A vida, aquela vida que ele tão bem tinha mostrado «ao Seu amor»;
aquela vida da qual tanto esperava e que tão pouco lhe dera, aquela
vida, enfim, onde se encerravam os poucos momentos belos e bons da
sua existência e os
corações que ele amara e que o tinham amado, essa vida deixava-o.

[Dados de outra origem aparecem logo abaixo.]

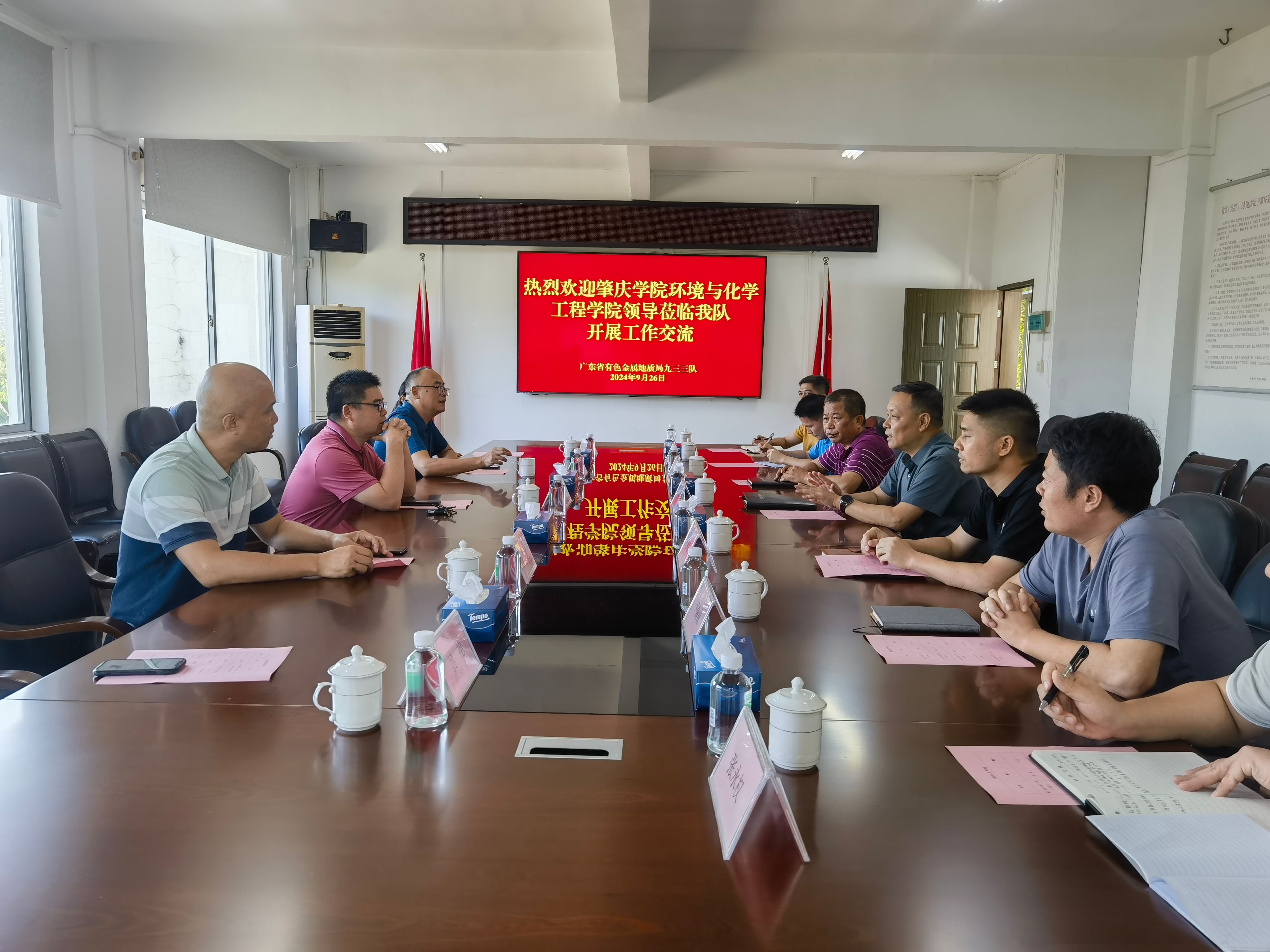 本网讯 9月26日下午,环化学院院长李湘一行5人前往广东省有色金属地质局九三三队开展工作交流。九三三队负责全面工作的副队长李金刚主持交流座谈,该队其他职能科室负责人参加了座谈会。

Porém, para lutar contra o tempo, para fazer sentir remorsos ao
destino que tão
cruel fora para com ele, Anto, o pobre Anto, deixou os seus versos,
o seu «SÓ», o espelho da sensibilidade que, talvez, mais do que a
tuberculose, lhe apressara o fim da existência.
Cem anos se passaram
sobre o nascimento de António Nobre. Descansa agora feliz, «no lar
de debaixo da terra» que tantas vezes, no seu desespero, desejou...
Porém os seus versos mantêm vivo, na memória de todos os que o
admiram e compreendem, o poeta da morte, da felicidade ardentemente desejada, do
desespero sincero e resignado, o poeta da Saudade.
«NÃO TE PERGUNTES SE ÉS FELIZ, MAS SE FAZES FELIZES OS QUE CONTIGO VIVEM».